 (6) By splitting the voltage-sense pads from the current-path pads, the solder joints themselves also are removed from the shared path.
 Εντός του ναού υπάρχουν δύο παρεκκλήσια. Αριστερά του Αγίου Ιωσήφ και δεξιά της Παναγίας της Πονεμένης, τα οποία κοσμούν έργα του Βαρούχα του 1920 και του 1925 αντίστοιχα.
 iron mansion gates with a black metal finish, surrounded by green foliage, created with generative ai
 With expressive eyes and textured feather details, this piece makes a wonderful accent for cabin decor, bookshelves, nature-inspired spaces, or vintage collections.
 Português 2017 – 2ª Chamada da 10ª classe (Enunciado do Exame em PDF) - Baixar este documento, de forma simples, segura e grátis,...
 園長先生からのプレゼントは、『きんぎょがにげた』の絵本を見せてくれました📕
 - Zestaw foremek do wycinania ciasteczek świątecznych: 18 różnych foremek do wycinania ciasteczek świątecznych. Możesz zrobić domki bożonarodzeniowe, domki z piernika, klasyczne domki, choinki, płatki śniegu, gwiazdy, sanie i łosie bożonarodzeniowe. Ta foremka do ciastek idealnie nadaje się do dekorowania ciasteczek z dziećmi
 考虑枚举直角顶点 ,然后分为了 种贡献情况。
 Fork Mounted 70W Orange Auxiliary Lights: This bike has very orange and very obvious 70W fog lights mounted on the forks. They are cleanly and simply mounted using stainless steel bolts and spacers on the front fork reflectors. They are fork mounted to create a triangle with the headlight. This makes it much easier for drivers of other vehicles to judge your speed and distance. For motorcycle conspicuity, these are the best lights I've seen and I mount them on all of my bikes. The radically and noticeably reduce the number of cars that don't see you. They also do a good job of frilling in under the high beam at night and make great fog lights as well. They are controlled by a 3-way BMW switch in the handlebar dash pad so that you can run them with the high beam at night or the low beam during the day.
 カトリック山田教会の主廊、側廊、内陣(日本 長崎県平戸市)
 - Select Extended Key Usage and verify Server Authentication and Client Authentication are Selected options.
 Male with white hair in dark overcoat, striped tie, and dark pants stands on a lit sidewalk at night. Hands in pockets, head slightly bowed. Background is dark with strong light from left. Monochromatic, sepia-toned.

### PROBLEM DESCRIPTION
Reproduce the listing in full. Change nothing.

### SOLUTION
 (6) By splitting the voltage-sense pads from the current-path pads, the solder joints themselves also are removed from the shared path.
 Εντός του ναού υπάρχουν δύο παρεκκλήσια. Αριστερά του Αγίου Ιωσήφ και δεξιά της Παναγίας της Πονεμένης, τα οποία κοσμούν έργα του Βαρούχα του 1920 και του 1925 αντίστοιχα.
 iron mansion gates with a black metal finish, surrounded by green foliage, created with generative ai
 With expressive eyes and textured feather details, this piece makes a wonderful accent for cabin decor, bookshelves, nature-inspired spaces, or vintage collections.
 Português 2017 – 2ª Chamada da 10ª classe (Enunciado do Exame em PDF) - Baixar este documento, de forma simples, segura e grátis,...
 園長先生からのプレゼントは、『きんぎょがにげた』の絵本を見せてくれました📕
 - Zestaw foremek do wycinania ciasteczek świątecznych: 18 różnych foremek do wycinania ciasteczek świątecznych. Możesz zrobić domki bożonarodzeniowe, domki z piernika, klasyczne domki, choinki, płatki śniegu, gwiazdy, sanie i łosie bożonarodzeniowe. Ta foremka do ciastek idealnie nadaje się do dekorowania ciasteczek z dziećmi
 考虑枚举直角顶点 ,然后分为了 种贡献情况。
 Fork Mounted 70W Orange Auxiliary Lights: This bike has very orange and very obvious 70W fog lights mounted on the forks. They are cleanly and simply mounted using stainless steel bolts and spacers on the front fork reflectors. They are fork mounted to create a triangle with the headlight. This makes it much easier for drivers of other vehicles to judge your speed and distance. For motorcycle conspicuity, these are the best lights I've seen and I mount them on all of my bikes. The radically and noticeably reduce the number of cars that don't see you. They also do a good job of frilling in under the high beam at night and make great fog lights as well. They are controlled by a 3-way BMW switch in the handlebar dash pad so that you can run them with the high beam at night or the low beam during the day.
 カトリック山田教会の主廊、側廊、内陣(日本 長崎県平戸市)
 - Select Extended Key Usage and verify Server Authentication and Client Authentication are Selected options.
 Male with white hair in dark overcoat, striped tie, and dark pants stands on a lit sidewalk at night. Hands in pockets, head slightly bowed. Background is dark with strong light from left. Monochromatic, sepia-toned.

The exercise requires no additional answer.